Turns out the red planet is blue on the inside.
Now, here is some fascinating news!
Scientist have been theorizing that there just might be more to Mars than we think for quite some time now, but lacked the evidence to back themselves up. Well, not anymore.
Despite claims in the 1890s that Mars was filled with canals teeming with water, research over the past several decades has suggested that in fact, Mars has only a tiny amount of water, mostly near its surface.Then, during the 1970s, as part of NASA’s Mariner space orbiter program, dry river beds and canyons on Mars were discovered—the first indications that surface water may have once existed there. The Viking program subsequently found enormous river valleys on the planet, and in 2003 it was announced that the Mars Odyssey spacecraft had actually detected minute quantities of liquid water on and just below the surface, which was later confirmed by the Phoenix lander. Now, according to an article published yesterday in the journal Geology, there is evidence that Mars is home to vast reservoirs of water in its interior as well.

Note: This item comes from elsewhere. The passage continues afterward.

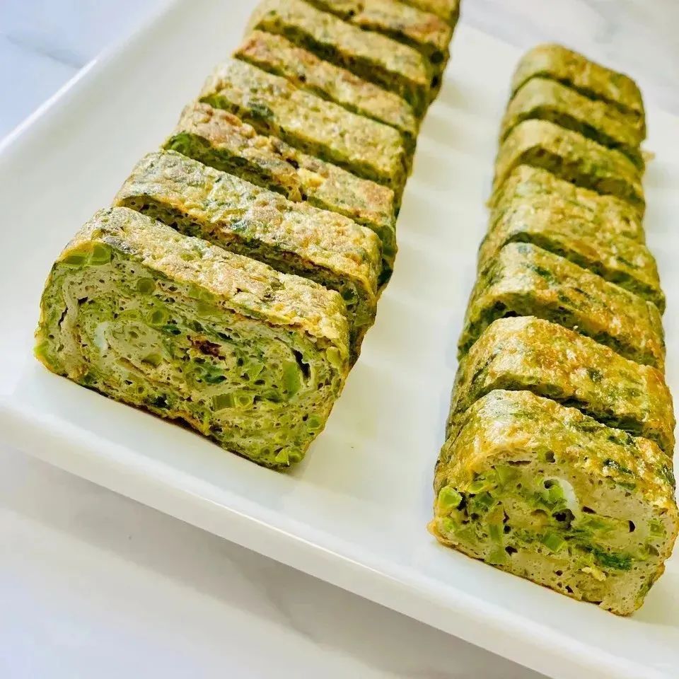 7、切成两厘米宽的鸡蛋卷,香椿厚蛋烧就做好了。

The finding has weighty implications for our understanding of the geology of Mars, for hopes that the planet may have at some point in the past been home to extraterrestrial life, and for the long-term prospects of human colonization there. “There has been substantial evidence for the presence of liquid water at the Martian surface for some time,” said Erik Hauri, one of the study’s authors. “So it’s been puzzling why previous estimates for the planet’s interior have been so dry. This new research makes sense.”